Les appartements de réception occupaient le rez-de-chaussée, un rez-de-chaussée surélevé, avec les cuisines et les offices dans le soubassement; et quand elle recevait, madame Cambry s’y tenait de préférence dans un salon donnant sur le jardin. C’était là que Darcy avait dit à mademoiselle Lestérel qu’il l’aimait, et il lui en aurait coûté de revoir ce piano sur lequel il l’avait accompagnée pendant qu’elle chantait cet air dont il croyait encore entendre les paroles prophétiques: «Chagrins d’amour durent toute la vie.» Mais ce jour-là, par exception, madame Cambry n’avait pas quitté le premier étage.

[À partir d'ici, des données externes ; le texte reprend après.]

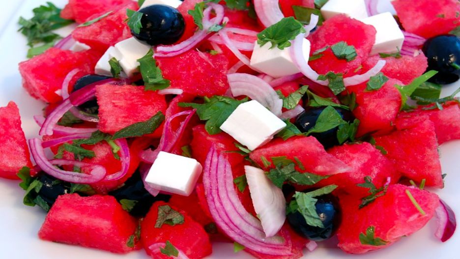 4. Do cebuli dodaj oliwę z oliwek, wymieszaj, a następnie wrzuć mieszankę do miski z arbuzem, fetą, oliwkami, pietruszką i miętą. Na koniec posyp sałatkę szczyptą pieprzu.

Darcy la bénit de lui épargner l’amertume d’un triste souvenir, et, conduit par le valet de pied, il monta le grand escalier, un escalier solennel, sans tentures et sans tableaux.

Une surprise l’attendait dans le boudoir assez simplement meublé où elle le reçut. Son oncle était là, assis sur un fauteuil, tout près de la chaise longue où siégeait la belle veuve; son oncle en toilette du matin, un négligé relatif, le négligé d’un magistrat qui vient d’instruire; son oncle, grave, soucieux et préoccupé comme un homme qui apporte de mauvaises nouvelles. Madame Cambry l’écoutait avec une attention inquiète, et Gaston fut frappé de l’altération de ses traits. Elle était très pâle, et on voyait que ses beaux yeux avaient pleuré. Il remarqua aussi qu’elle était vêtue de noir, comme si elle eût porté le deuil de sa protégée.